Although there is no official replay there was video of the game and the play at first was run a few more times and from different angles and slower speeds. Indeed it looked as if the pitcher had the ball in his glove and his foot on the base an instant ahead of the runner. If those are the facts the runner should have been called out. Twenty-seven in a row. Perfect game (first ever for the Detroit Tigers). A place in the record books. At least a mention at the Hall of Fame. But the umpire called him safe. So it wasn't a perfect game. Just almost.

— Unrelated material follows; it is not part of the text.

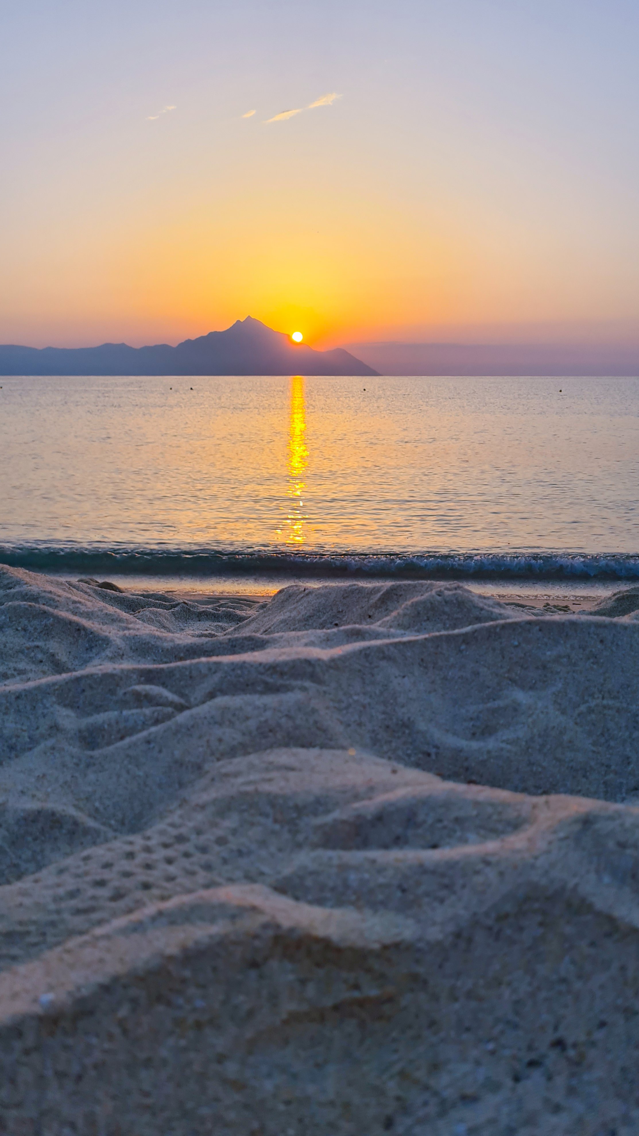Već prvog jutra boravka u Sartiju je bilo jasno da je izlazak Sunca iznad planine Atos veličanstvan. S obzirom da na letovanju redovno ustajem u 6h jasno je da sam posmatrao izlaske Sunca iznad ove planine svakog jutra, a nekoliko puta odlazio na plažu i fotografisao sa članovima porodice. Nebo je samo jednog jutra bilo prekriveno oblacima.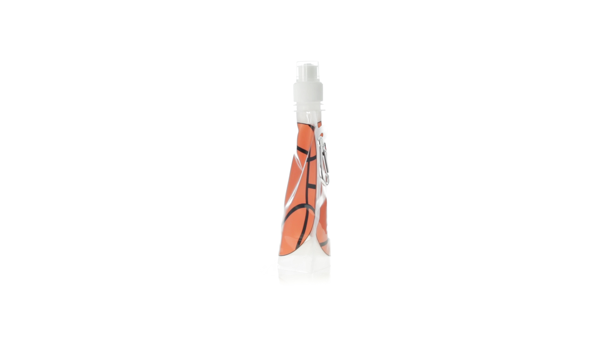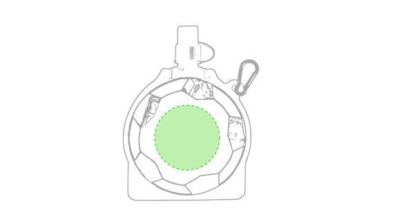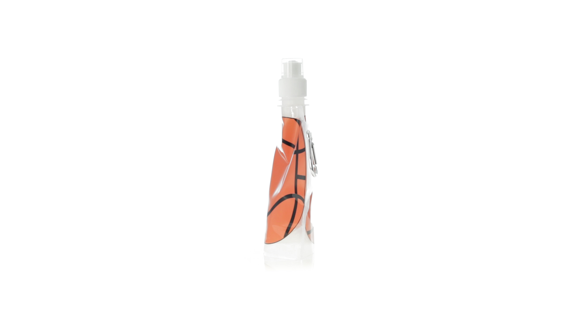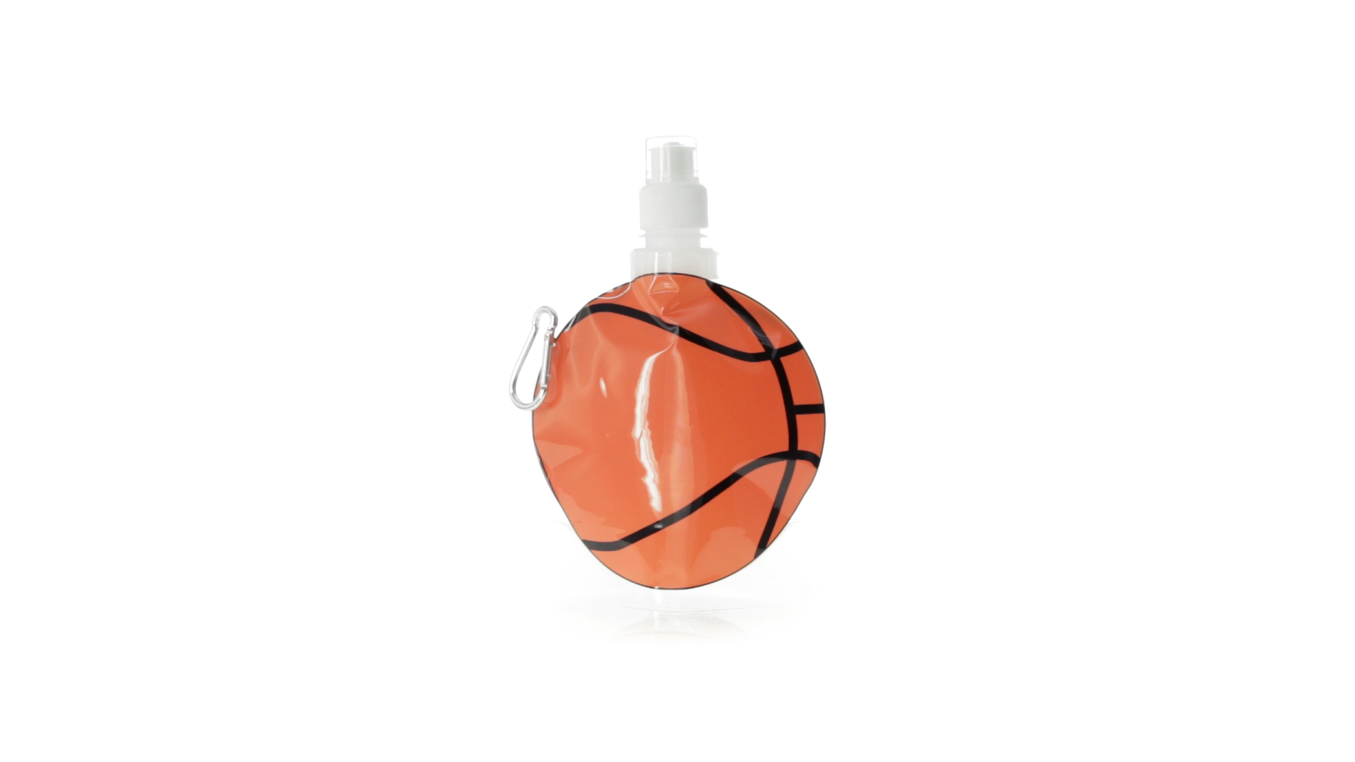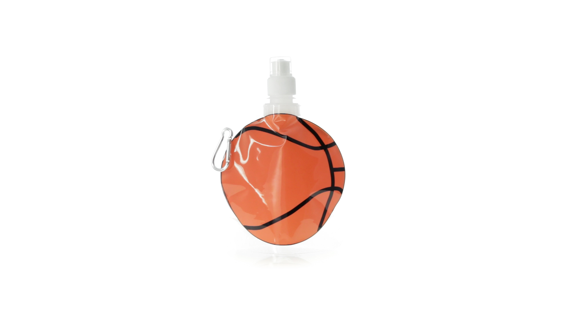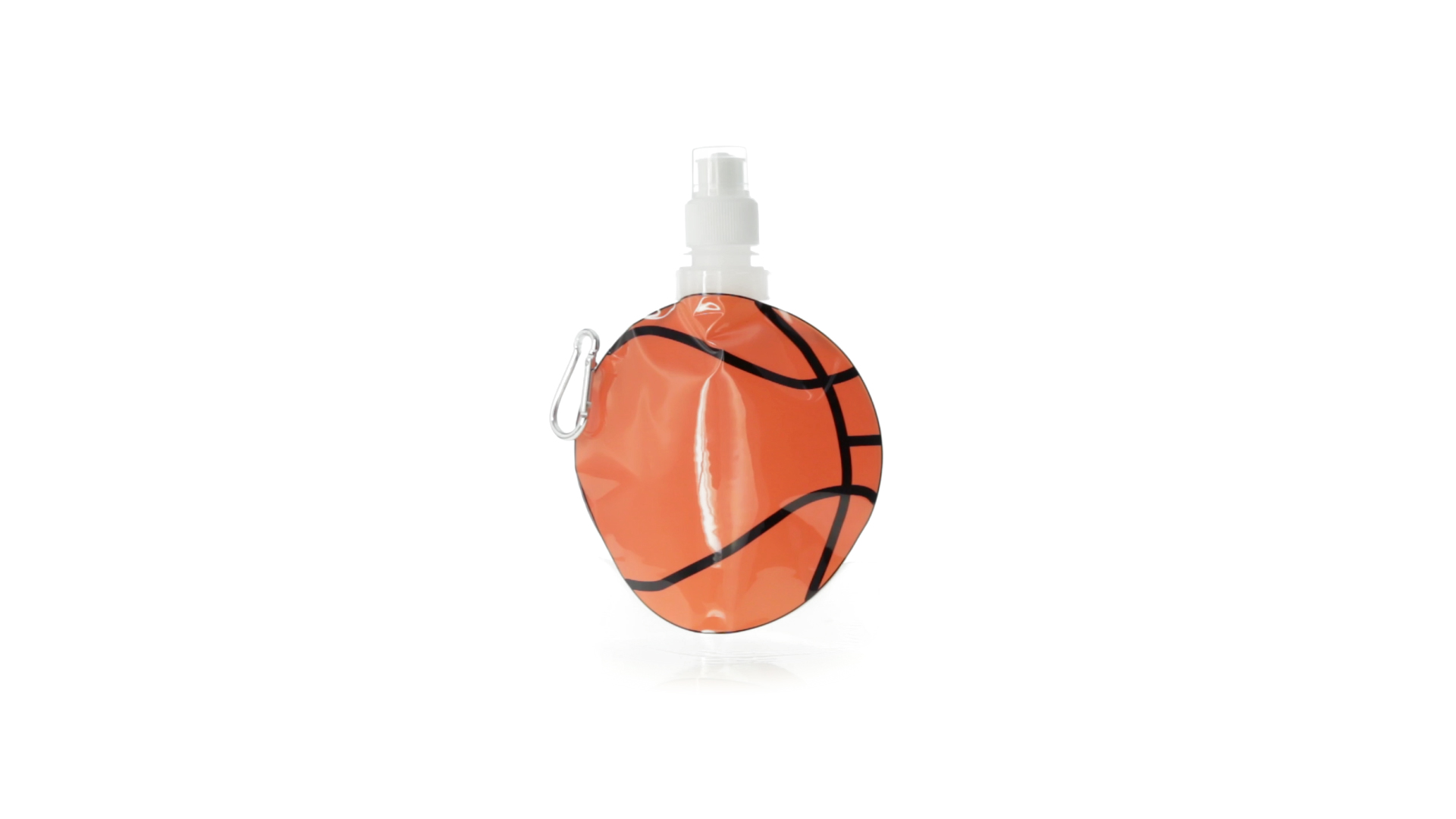Trinkflasche mit 480 ml Fassungsvermögen und flexiblem PET-Körper. Mit Schraubverschluss mit Deckel und Befestigungskarabiner aus Metall. In den Designs Basketball, Fussball, Golf, Rugby und Tennis.

Later that day the umpire, Jim Joyce, saw replays and was emotionally torn. I was wrong, he said. (His language was a bit more colorful and emphatic.) "I cost that kid a perfect game," he said. There is no doubt his response was that of a man who holds himself to a high standard of excellence, has the integrity to call what he sees, holds himself accountable for his actions, and doesn't scramble for excuses.

Now a few thoughts about the game and events following. Like many others I saw several replays and I have at least one question. I have heard that on close plays at the bases the umpire watches the feet and listens for the pop of the ball in the glove. In one of the replays it appeared that the ball may have yet been moving in the pitcher's glove when the runner touched base. If so, the runner was safe and the call was correct. The point is that even after a hundred replays dissected frame-by-frame we might still be unable to certify the absolutely correct call. This answers those who insist we must have instant replay. Sure, there would often be some benefit, but no guarantee.

Next there are those say that in that situation with a play that close you call the runner out. Game over. Perfect. But umpires are supposed to call balls and strikes, runners safe or our, catches made or not made. They aren't supposed to decide who wins or loses. Suppose that twenty-seventh batter has a hitting streak of, say, fifty-six straight games. Now what call does a compassionate base umpire make?

And the nonsense. Michigan's Governor declared it a perfect game. That's what it should have been so she declared it to be. The President weighed in with the unoriginal thought that instant replay was clearly needed. A better comment might have been that it was strictly a matter for baseball to deal with. (Baseball Commissioner Bud Selig declared - to his credit - that the game would stand as called.)

Baseball, like life, takes place in the arena; not in the stands, not in the elite boxes, and not in the Capitols. Down there in the dust, those who embrace life are often confronted with bang-bang decisions. Most of the time, amazingly, they get them right. Sometimes, tragically, they get them wrong. But the game goes on.

Finally we need to recognize some heroes. The umpire Jim Joyce. He called what he saw and took whatever lumps it brought. Armando Galarraga, the pitcher who was almost perfect and took it manfully when a call went against him. Tiger manager, Jim Leyland, who sent Galarraga out the next day with the lineup card to present to that day's plate umpire, Jim Joyce. And the Detroit Tiger fans on that same next day who gave Jim Joyce a standing O. At that moment, the stands were a part of the greater game as thousands of Joe Sixpacks showed that they get it.

Would that our current political crop would get it as Joe Sixpack gets it. When the ends, no matter how lofty, allow any means, the immediate casualties are integrity and gallantry. Within these are the absolutes without which no system can endure. Our amazing democratic republic teeters near collapse, having fallen - through inattention, indifference, and sloth - under the control of those who lack the gallantry to put common good before personal gain and the integrity to acknowledge and label the facts as they are rather than as they wish them to be. This nation, beguiled by hope without focus and misled by promises without substance, can yet survive. But only if enough of the caring leave the stands and embrace the greater game.